Надо, впрочемъ, сказать, что средне-азіяты вообще довольно плохіе мусульмане, въ томъ смыслѣ, что по природѣ своей они вовсе не фанатики, а только религіозные формалисты, и далеко не прочь при случаѣ вкусить отъ плодовъ запрещенныхъ Кораномъ, хотя бы даже въ компаніи съ пріятельски-знакомыми «кяфырами», разумѣется, потихоньку, негласно, а въ особенности любятъ здорово выпить.{13} Религіозный же фанатизмъ встрѣчается между ними только въ сословiи ходжей и сеидовъ, между каляндарами, муллами, да отчасти среди ишановъ. Но если слаба въ нихъ внутренняя или нравственная сторона суннитскаго мусульманства, за то тѣмъ строже и педантичнѣе простирается требовательность бухарскаго правительства и духовныхъ властей на его внѣшнюю, обрядовую и, такъ сказать, улично-показную сторону. Поэтому ни одна взрослая женщина, кромѣ киргизокъ, которыя всегда и вездѣ ходятъ съ открытымъ лицомъ, словно бы и знать не хотятъ предписаній Корана, никогда и ни въ какомъ случаѣ не дерзнетъ показаться на улицѣ иначе, какъ съ густою черною сѣткой на лицѣ и въ строго условномъ костюмѣ. Здѣсь на этотъ счетъ куда строже Стамбула, гдѣ турецкія дамы очень кокетливо слегка прикрываютъ снизу свои лица прозрачною бѣлою вуалеткой.

Привилегіей или правомъ пребывать въ публичныхъ мѣстахъ съ открытымъ лицомъ, какъ уже сказано, пользуются наравнѣ съ киргизками и маленькими дѣвочками только нищенки, между которыми я замѣтилъ нѣсколько молодыхъ женщинъ. Мнѣ объяснили, что это бѣдныя вдовы, не имѣющія близкихъ родственниковъ и не нашедшія пока охотниковъ взять ихъ вторично замужъ. Поэтому, при незнаніи ремеслъ и нежеланіи идти въ чей-либо гаремъ въ качествѣ домашней прислуги, этимъ вдовамъ ничего болѣе не остается какъ сидѣть поджавъ подъ себя ноги гдѣ нибудь на перекресткѣ людныхъ улицъ, у моста или близь мечети и протягивать къ прохожимъ за подаяніемъ «чашку милости». Мало-мальски недурныя собой вдовушки обыкновенно не засиживаются подолгу въ такой неприглядной роли, такъ какъ, увидя на улицѣ ихъ красоту, вскорѣ находятся и охотники на нихъ жениться, и вотъ почему право не носить чимета является для молодой неимущей вдовы весьма существеннымъ преимуществомъ: это лучшее средство выйдти вторично замужъ. Но для этого необходимо быть профессіональною нищей.
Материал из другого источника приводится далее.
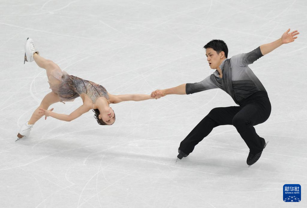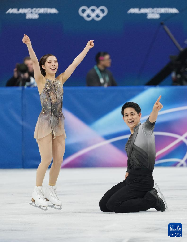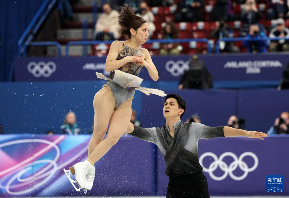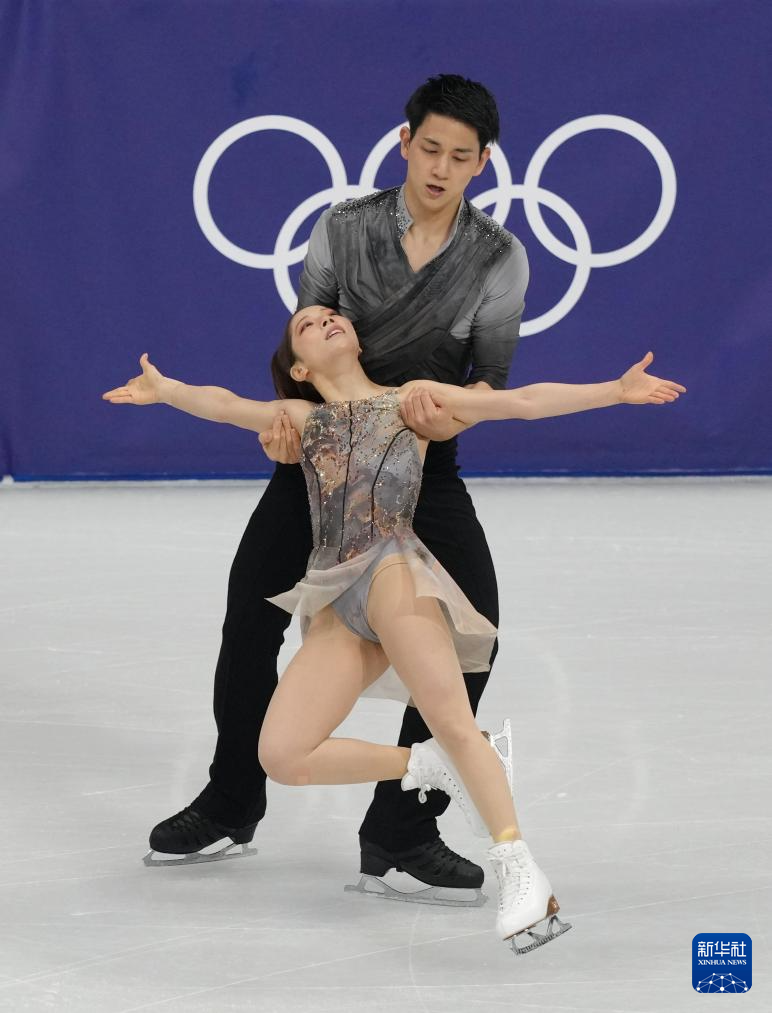 2月8日,日本队组合三浦璃来(左)/木原龙一在团体赛双人滑自由滑比赛中。
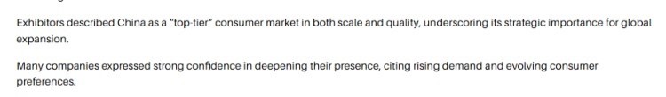 文章称,许多参展商将中国描述为兼具规模与品质的“顶级”消费市场,并强调了中国对于打开全球市场的重要性。许多企业表示,鉴于不断增长的需求和持续更新的消费者偏好,他们对深耕中国市场充满信心。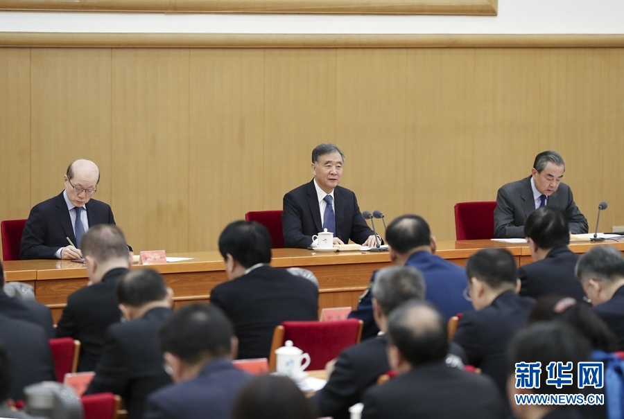 1月19日,2020年对台工作会议在北京举行。中共中央政治局常委、全国政协主席汪洋出席会议并讲话。 (图片来源:新华网)

Въ началѣ шестаго часа вечера, послѣ долгаго «шествованія» по разнымъ улицамъ, прибыли мы наконецъ на посольскій дворъ, находящійся въ юго-западномъ концѣ города, между каракульскими и шаргерянскими воротами, въ сосѣдствѣ съ медрессе Накибъ и царскимъ кладбищемъ (Мазаръ Ишанъ-Имля), близь базара Хіобанъ, проѣзжая коимъ мы замѣтили среди толпы туземцевъ нѣсколько русскихъ чуекъ и «спинжаковъ», привѣтствовавшихъ насъ поклонами. То были прикащики и артельщики мѣстной конторы транспортнаго товарищества братьевъ Каменскихъ. И такъ странно для глаза, но пріятно для сердца было увидѣть вдругъ эти россійскія православныя чуйки среди чуждой намъ массы разноцвѣтныхъ бухарскихъ халатовъ.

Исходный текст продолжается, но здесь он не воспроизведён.